Pendahulunya yang mewarisi kebangkrutan VOC, Pieter Gerardus van Overstraten (1796-1801), sudah mengemukakan ihwal pemindahan pemerintahan ke pedalaman Jawa Tengah pada simpulan 1700-an. Menurut Leonard Blusse dalam bukunya Persekutuan Aneh; Pemukim Cina, Wanita Peranakan, dan Belanda di Batavia VOC (2004: 63-64), ia hendak memindahkan markas besarnya ke Surabaya atau Semarang.

Pertimbangannya cukup politis. Ia ingin kekuasaannya terasa di kawasan Jawa yang paling padat penduduknya. Blusse menulis, pembangunan Semarang dapat memberi jaminan pasokan padi dan kayu yang berkelanjutan. Lebih penting lagi, para penguasa feodal yang paling berkuasa, yakni Susuhunan Solo, Sultan Yogyakarta, dan Adipati Madura, berada tak terlampau jauh. Namun, kesannya Overstraten berpikir planning radikal itu kurang bijaksana.

Daendels pun, ibarat ditulis Vlekke, kemudian hanya memindahkan pecahan perumahan kota ke jarak beberapa kilometer arah pedalaman, kawasan pinggiran yang ketika itu disebut Weltevreden.

Ia meluluhlantakan sejumlah rumah dan kastil kuno warisan Jan Pieterszoon Coen di pecahan usang kota tersebut. Ibu kota pun beralih, dari kota pelabuhan menjadi kota garnisun. Di Weltevreden dibangun benteng-benteng. Namun, sejarah mencatat, Inggris tetap berhasil menguasai Batavia pada 1811.

Sukarno dan Palangkaraya

Ratusan tahun berlalu. Suatu hari pada 1957, Presiden Sukarno memancangkan tiang pertama pembangunan Kota Palangkaraya. Menurut Wijanarka dalam bukunya Sukarno dan Desain Rencana Ibu Kota RI di Palangkaraya, sebelumnya Bung Karno memang sedang menyiapkan masterplan ibu kota RI.

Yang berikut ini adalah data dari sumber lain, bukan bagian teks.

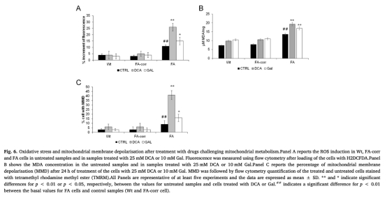 4 氧化應激指標:FA細胞基礎ROS和MDA水平升高,線粒體膜去極化增加。強制使用OXPHOS(如DCA處理)進一步加劇氧化應激。數據來自Fig.6。研究意義:表明OXPHOS缺陷導致氧化應激積累,強制代謝切換會損害細胞健康,這可能與FA中造血干細胞耗竭和骨髓衰竭相關。

Bung Karno menciptakan masterplan itu pada 1956, yang terinspirasi dari hasil perjalanan ke India, Amerika Serikat, Kanada, Rusia, Italia, Jerman, Swiss, dan Tiongkok.

Kedudukan Jakarta sendiri, berdasarkan Wijanarka, dari 17 Agustus 1945 sampai dikeluarkan Penetapan Presiden No 6 tahun 1959, hanya memangku kiprah sebagai ibu kota RI. Jakarta gres resmi menyandang sebagai ibu kota RI semenjak dikeluarkan UU No. 10 tahun 1964 (Wijanarka, 2006: 77).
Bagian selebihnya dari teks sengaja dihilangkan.